Table 1 Empirical sizes and powers: the “m-perm” indicates the Bonferroni test along with smaller dimension, “two-s” implies the two-stage additive test having the Bonferroni correction at each stage, “lrt” indicates the LRT under normality given by Mitchell et al. (2006), and “rst” presents the RST

Full size table

Table 2 The case of $p=4,q=3$: “p-perm” and “q-perm” denote empirical powers using row-wise and column-wise permutation, respectively

Full size table

Table 1 first shows that the proposed permutation based procedures work better than both the LRT with the approximation in (3) and RST in controlling the size at the aimed level 0.05. The sizes of both the LRT with (3) and RST become larger than s0.05 when the underlying distribution has heavier tails (e.g. the t-distribution with smaller degrees of freedom). In addition, when the data are from an asymmetric distribution (e.g. the chi-square distribution), the same type of upward bias occurs in the size.

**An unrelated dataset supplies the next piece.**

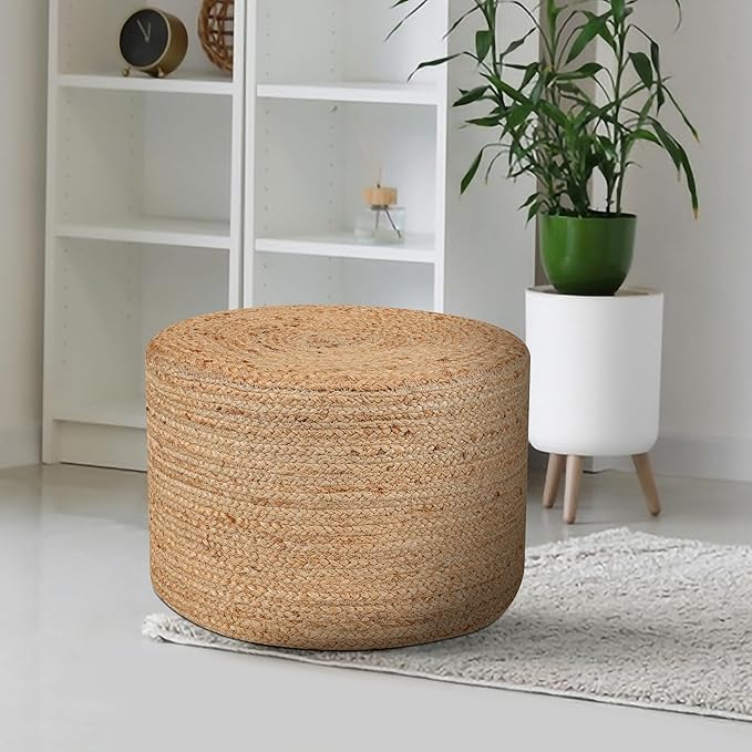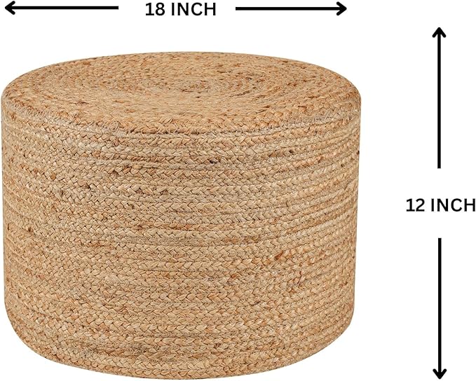 Jute Pouf Ottoman - Briaded Boho Pouf Ottoman Foot Rest - Poofs/Ottomans Furniture Decor - Ottomans Pouffe for Bedroom - Poufs for Living Room - (18"x18"x12")

Second, the performance of the m-perm depends on the permutation direction (either row-wise or column-wise) as well as the true covariance $\Sigma $. In both alternatives “A1” and “A2”, the covariance matrix of the column-wise selection (for example, $\mathbf{X}_{12}^{\mathrm{c}}$) is conjectured to be less separable than that of the row-wise selection (for example, $\mathbf{X}_{12}^{\mathrm{r}}$) and, thus, the choice of the column-wise permutation (the cases $p>q$) shows more power than the row-wise permutation. Table 2 reports the empirical powers (for the cases of $p=4$ and $q=3$) of the Bonferroni procedure (at level $\alpha $) based on the row-wise permutation together with those based on the column-wise permutation. This shows the Bonferroni test for sub-hypotheses along with the row-wise direction (p-perm) now has lower power than the column-wise permutation (q-perm); the p-perm often has lower power than both the size-corrected LRT and RST.

Third, the two-s, our second permutation based procedure, considers both row-wise and column-wise permutations and has higher empirical power than the LRT in all but one case (normal distribution and with $q=10$, $r=75$ under A1). Compared to the RST, it tends to have higher power when $(p,q)=(4,3)$ and (4, 5), but lower power when $(p,q)=(4,10)$ (the case p and q are very unequal). It is interesting to see that it has higher empirical power than both the LRT and RST even for some cases with the data from the normal distribution. We conjecture this is because the sample size n is relatively small compared to the dimension of the data pq. Here, we remark that both the theoretical reference distributions of the LRT and RST are not available in practice.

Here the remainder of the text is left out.